[EXERCISE DATA — start]

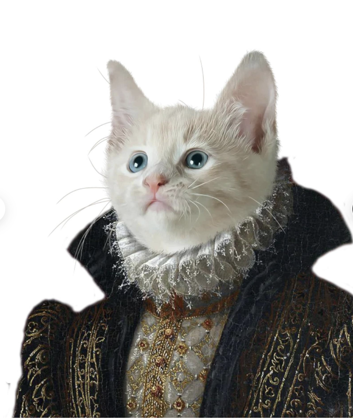 și personalitatea companionului tău, integrând capul animalului într-un corp aristocratic, regal sau militar, inspirat din epoci istorice.
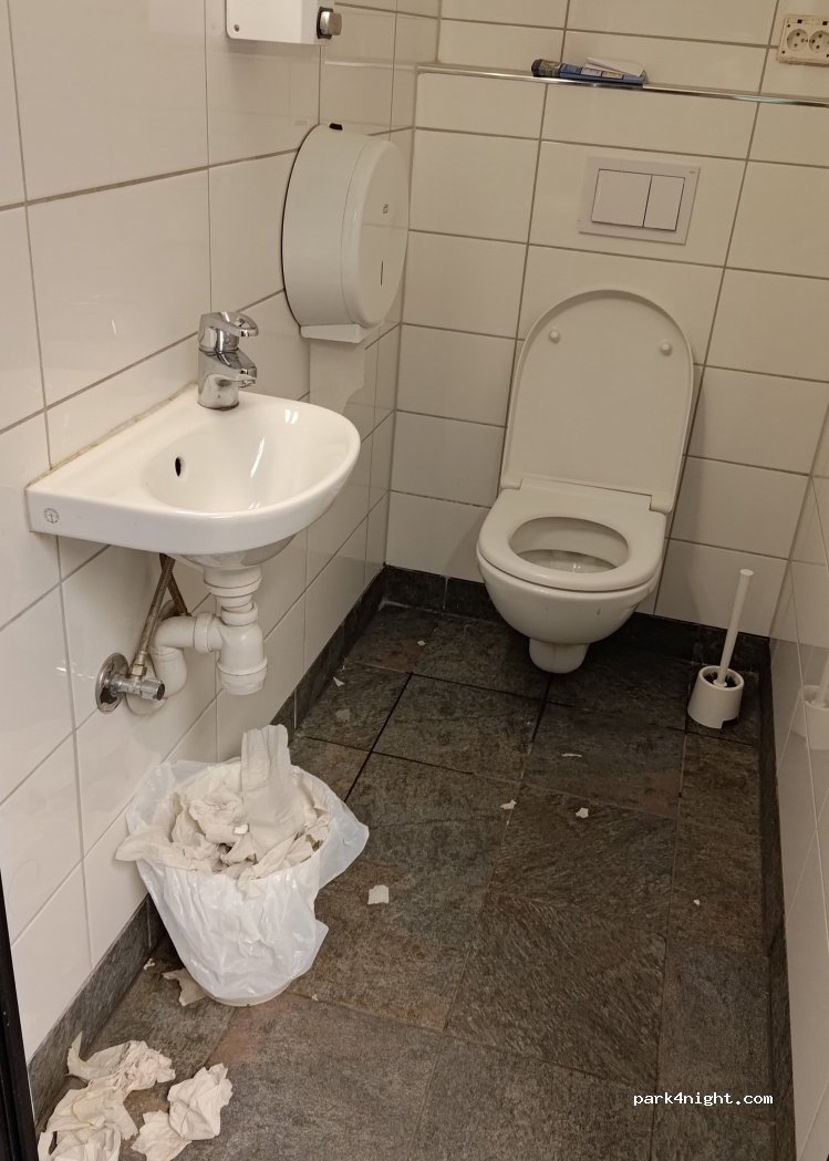 De verwachtingen waren al laag, geen probleem voor een parking dichtbij de stad. Maar wat is het smerig hier. Douches ruiken naar urine en toiletten worden niet schoongemaakt.
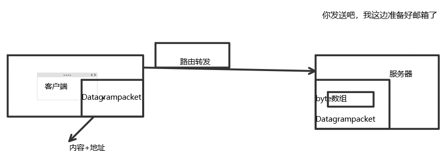 - 5) 释放资源 简单来说就是服务器先挖一个DatagramPacket的邮箱,时刻准备着接受邮件,客户端这边准备好所要邮寄的东西,写好所要邮寄的地址(DatagramPacket+服务器地址+端口)不然邮递员不知道把邮件往那发送。
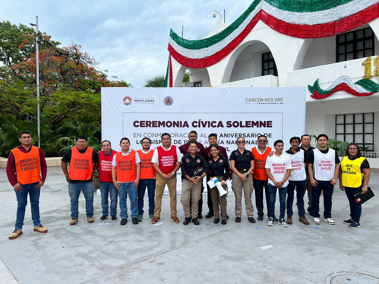 CANCÚN,- Con motivo de la conmemoración del aniversario de los sismos ocurridos en México, se llevó a cabo un simulacro frente al Palacio Municipal de Benito Juárez, en el que participaron cuerpos de seguridad, emergencia y protección civil.
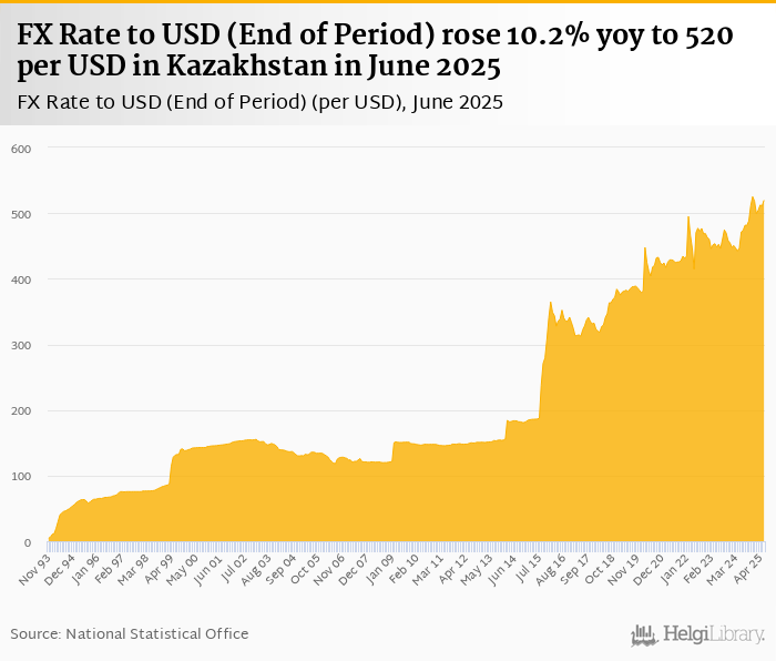 FX rate to USD at the end of period rose 10.2% yoy to 520 per USD in Kazakhstan in June 2025, according to the National Statistical Office. This is 1.73% more than in the previous month.
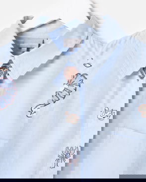 Take one simple cotton shirt and turn it into something extra with a striped, textured feel and all-over neon orange embroidered sun motifs. Designed with a collarless crew neckline and white embroidered cut-out details across the shoulders and back, we've added white button closures down the front. The relaxed fit and curved hem give it a laidback yet elevated feel that's easy to style with your go-to denim for a summer-ready look.
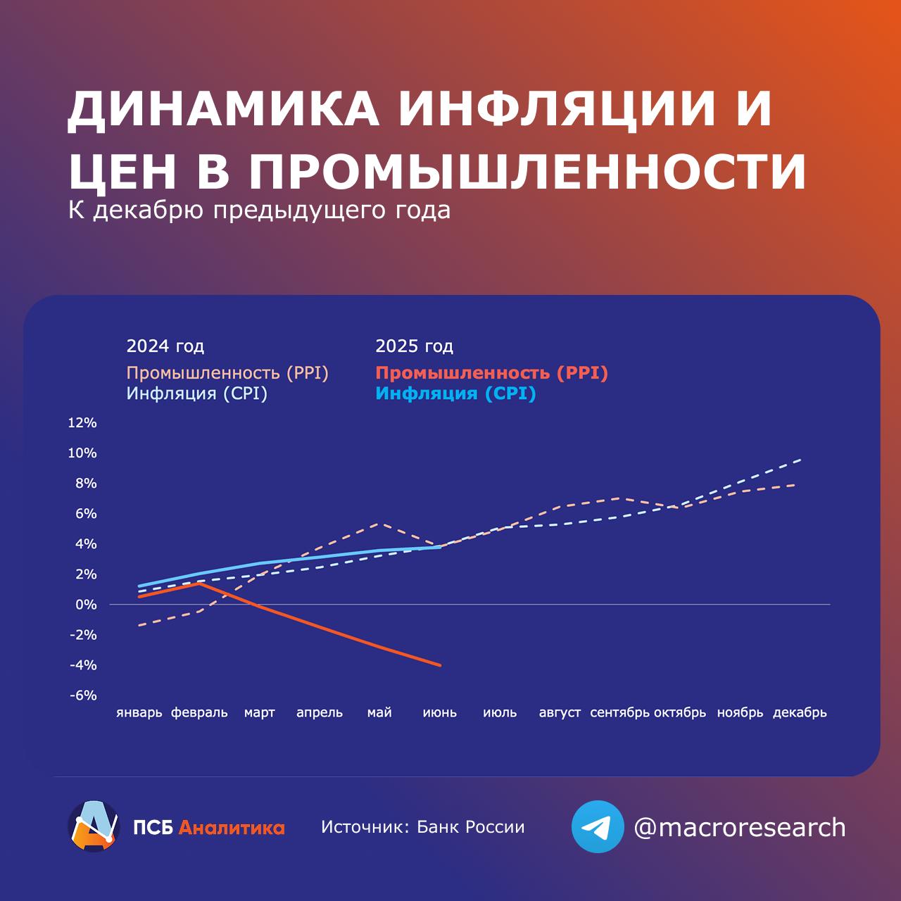 В промышленности уже можно говорить о дефляции — в июне четвертый месяц подряд снижаются цены (-1,3% м/м, как и в мае). За полугодие индекс цен производителей промышленной продукции упал на 4%. Основной драйвер дефляции — добыча, но и в обработке цены устойчиво снижаются. По данным ЦБ, ценовые ожидания предприятий промышленности продолжили падение и в июле (сейчас они на минимумах с середины 2023 г.).
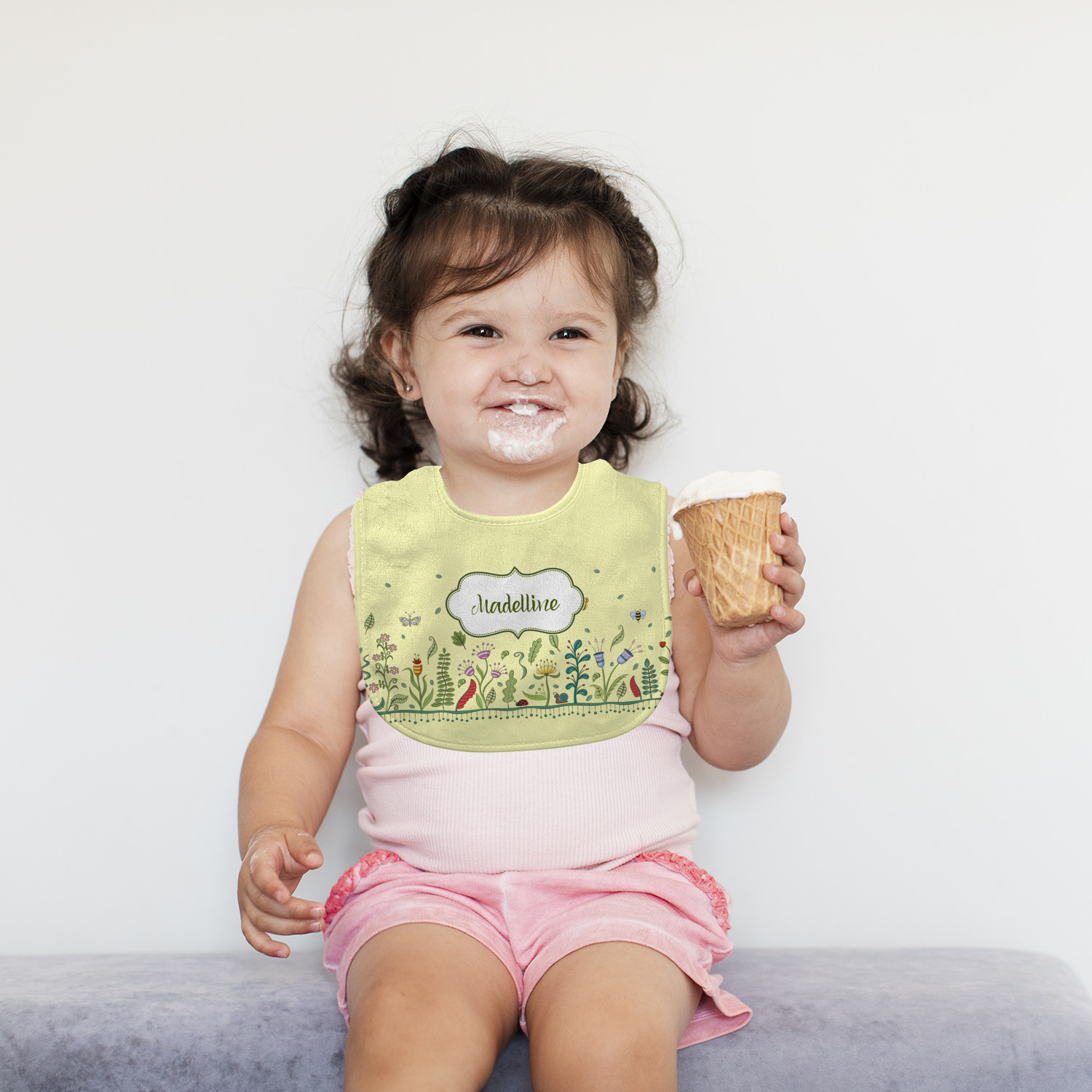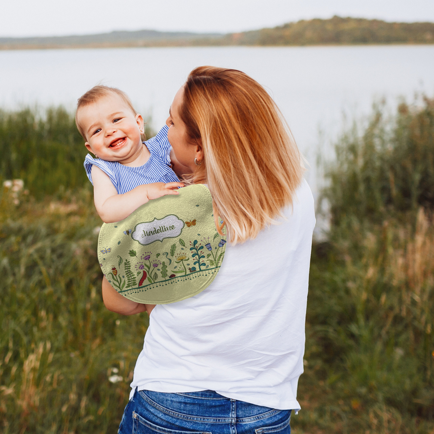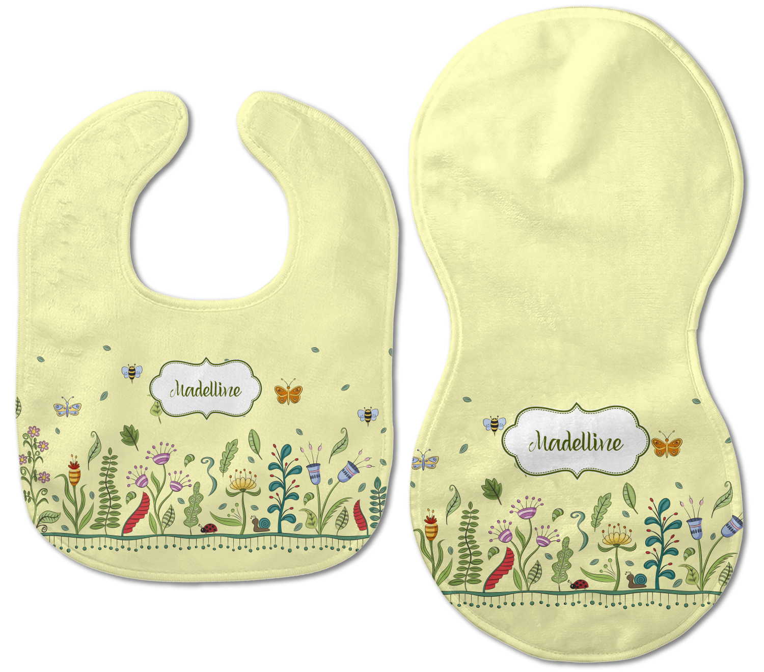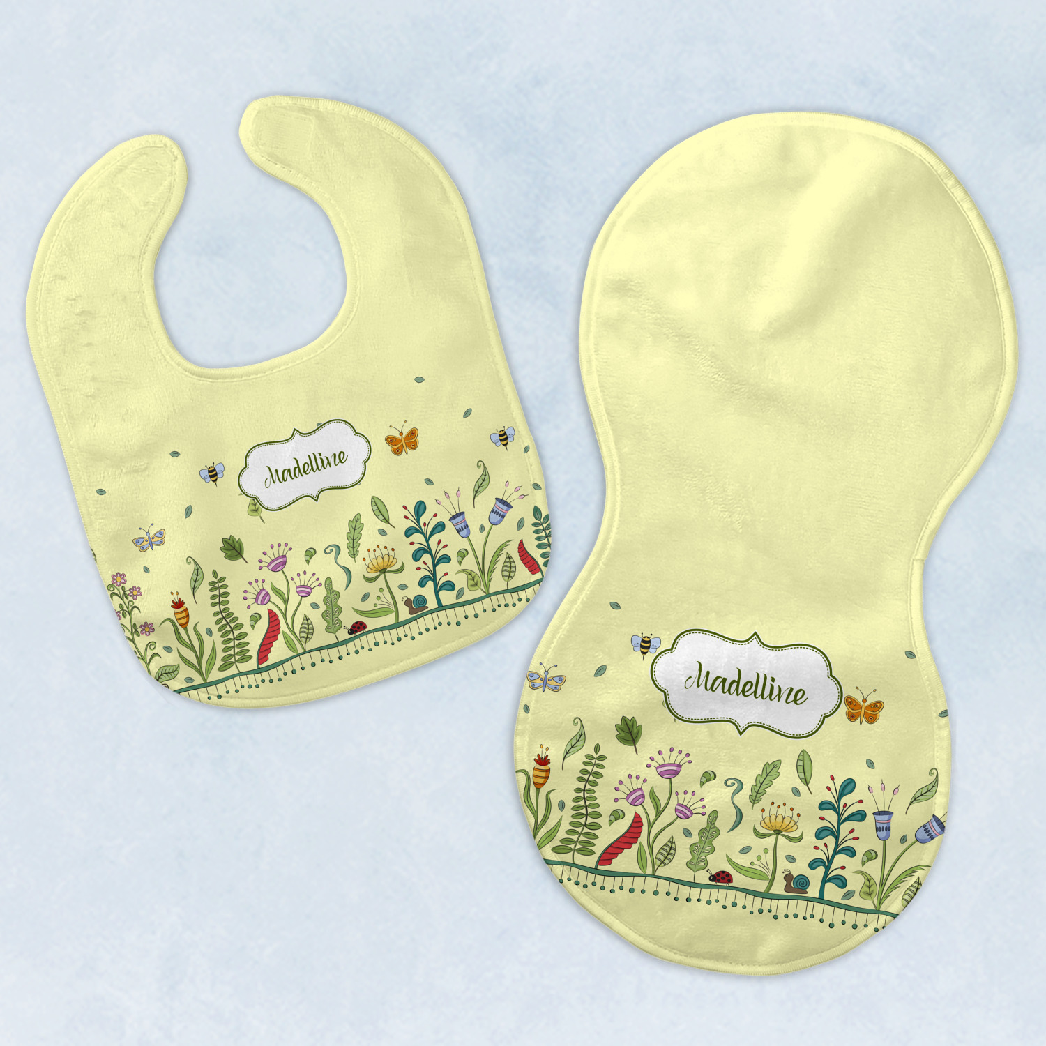 Both our baby bib and burp pad are made up of soft, microfiber velour with a cotton backing. The comfortable and plush material of our bib and burp set is perfect for both baby and parent. We print your design on the microfiber velour face fabric with baby safe ink on your customizable bib and burp cloth to ensure safety for the little one! Our drool bib also comes with a Velcro clasp for safe and easy wear while the burp cloth is a unique peanut shape that perfectly hugs over the shoulder.

[EXERCISE DATA — finish]

## WORK REQUIRED
Copy every record above exactly as written, but leave out the pictures.

## OUTPUT OF THE EXERCISE
 și personalitatea companionului tău, integrând capul animalului într-un corp aristocratic, regal sau militar, inspirat din epoci istorice.
 De verwachtingen waren al laag, geen probleem voor een parking dichtbij de stad. Maar wat is het smerig hier. Douches ruiken naar urine en toiletten worden niet schoongemaakt.
 - 5) 释放资源 简单来说就是服务器先挖一个DatagramPacket的邮箱,时刻准备着接受邮件,客户端这边准备好所要邮寄的东西,写好所要邮寄的地址(DatagramPacket+服务器地址+端口)不然邮递员不知道把邮件往那发送。
 CANCÚN,- Con motivo de la conmemoración del aniversario de los sismos ocurridos en México, se llevó a cabo un simulacro frente al Palacio Municipal de Benito Juárez, en el que participaron cuerpos de seguridad, emergencia y protección civil.
 FX rate to USD at the end of period rose 10.2% yoy to 520 per USD in Kazakhstan in June 2025, according to the National Statistical Office. This is 1.73% more than in the previous month.
 Take one simple cotton shirt and turn it into something extra with a striped, textured feel and all-over neon orange embroidered sun motifs. Designed with a collarless crew neckline and white embroidered cut-out details across the shoulders and back, we've added white button closures down the front. The relaxed fit and curved hem give it a laidback yet elevated feel that's easy to style with your go-to denim for a summer-ready look.
 В промышленности уже можно говорить о дефляции — в июне четвертый месяц подряд снижаются цены (-1,3% м/м, как и в мае). За полугодие индекс цен производителей промышленной продукции упал на 4%. Основной драйвер дефляции — добыча, но и в обработке цены устойчиво снижаются. По данным ЦБ, ценовые ожидания предприятий промышленности продолжили падение и в июле (сейчас они на минимумах с середины 2023 г.).
 Both our baby bib and burp pad are made up of soft, microfiber velour with a cotton backing. The comfortable and plush material of our bib and burp set is perfect for both baby and parent. We print your design on the microfiber velour face fabric with baby safe ink on your customizable bib and burp cloth to ensure safety for the little one! Our drool bib also comes with a Velcro clasp for safe and easy wear while the burp cloth is a unique peanut shape that perfectly hugs over the shoulder.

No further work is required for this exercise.